## Running Stan Models
**Note:** This is a tutorial notebook that walks through the second half of the `mcmcjob.py` script. Although this notebook can be used to run Stan models on a personal machine, it cannot be used on the HBS cluster - juypter notebooks are not supported on the cluster at this time. Therefore, please use the `mcmcjob.py` script when submitting jobs on the cluster. This notebook is intended as a reference.

### Step 1: Import Libraries, Data, and Custom Functions
The second half of the `mcmcjob.py` script requires the following libraries:
* pickle
* sys
* pystan
* arviz

Pickle will be used to load in our pickled data that we prepared for Stan in the previous tutorial notebook. Pystan will be used as an API wrapper around the Stan language, which we will use to write our models. **Please use Pystan 2.19.1.1**. You can use a newer release, but note that Pystan 3 is a rewrite and many of the commands I use in this tutorial are not backwards-compatible. There are plenty of good reasons to upgrade to 3.0+, but I've preferred to stick with 2.0 because 3.0 removed many useful features, such as variational inference. Let's import the libraries:

In [1]:
import pickle
import sys
import pystan
import arviz as az

INFO:numexpr.utils:Note: NumExpr detected 16 cores but "NUMEXPR_MAX_THREADS" not set, so enforcing safe limit of 8.
INFO:numexpr.utils:NumExpr defaulting to 8 threads.

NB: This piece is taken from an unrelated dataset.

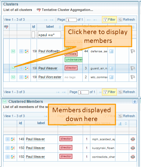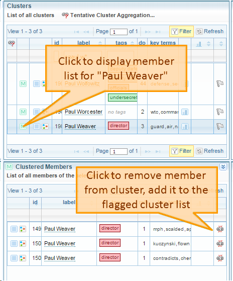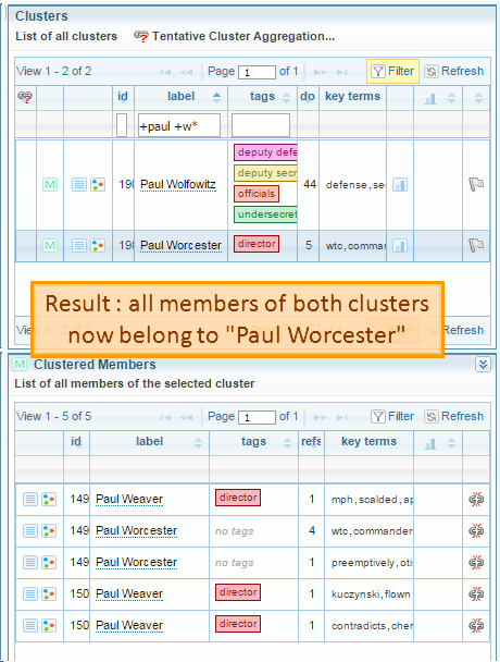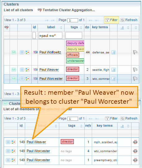 In this example one member of the "Paul Weaver" cluster will be moved to the "Paul Worcester" cluster.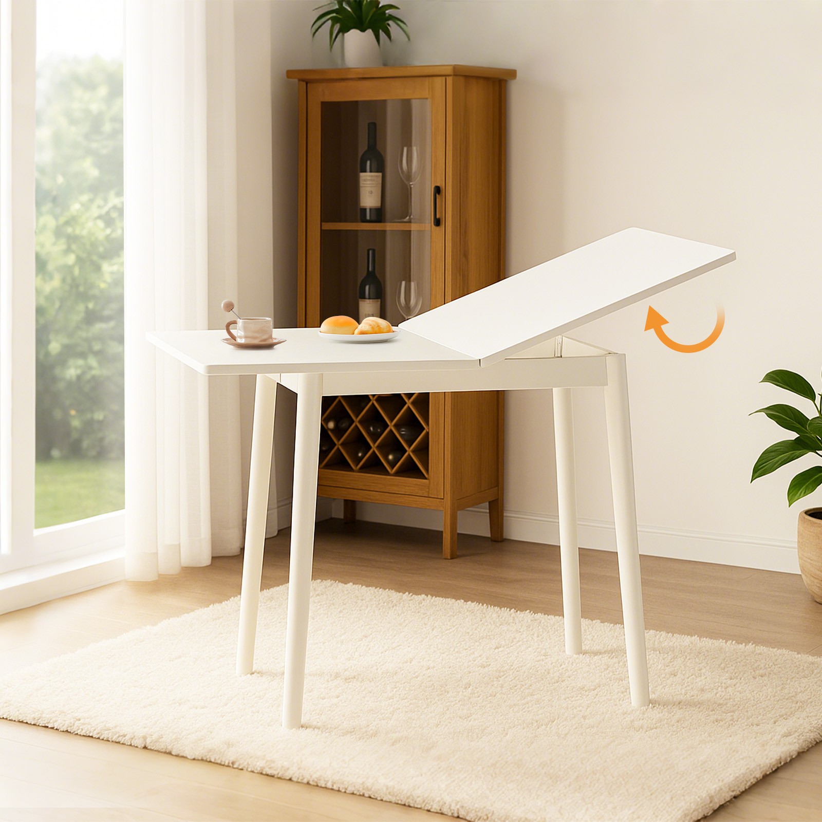 Dining Table Functional Foldable White Kitchen OfficeTable with Wooden Legs

Next, we will import the data that we previously pickled.

In [2]:
with open('modeldata.pkl', 'rb') as f:
    data = pickle.load(f)

Last, we will import some custom python functions. 

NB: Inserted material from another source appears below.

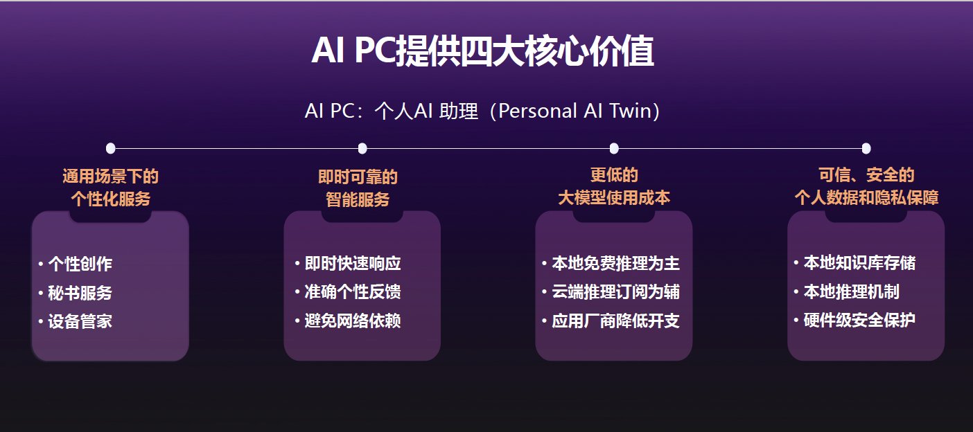 AI On則是指PC具有完整的AI PC核心特征,并且在在廣泛的通用場景提供劃時代的AI創(chuàng)新體驗,成為每一個人的個人AI助理。隨著核心技術(shù)創(chuàng)新、產(chǎn)品體驗優(yōu)化、AI應(yīng)用生態(tài)繁榮,AI PC能夠服務(wù)于更加廣泛的通用場景,并且能夠?qū)崿F(xiàn)端邊協(xié)同計算、跨設(shè)備互聯(lián)接力,甚至能夠基于個人數(shù)據(jù)和使用歷史,在邊緣私域環(huán)境下實現(xiàn)個人大模型的微調(diào)訓(xùn)練。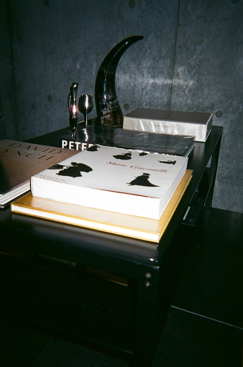 オークションで入手したガラスのデスクの上に、その時の気分にフィットする本を置いて、すぐ読めるようにしています。手前に写っている本は、マリオ?ジャコメッリ(Mario Giacomelli)の作品集。彼の作品のハイコントラストさが好きです。

`inits.py` contains a function `init_f()` that define all of the possible initial values that we will have Stan begin sampling at. Stan uses a Markov Chain Monte Carlo (MCMC) algorithm to identify the posterior distribution of our modeling parameters given the data, and MCMC traverses the gradient of the log target density by proposing new, hopefully more likely parameter values. The algorithm has to start somewhere, so we will feed in some probable starting values. 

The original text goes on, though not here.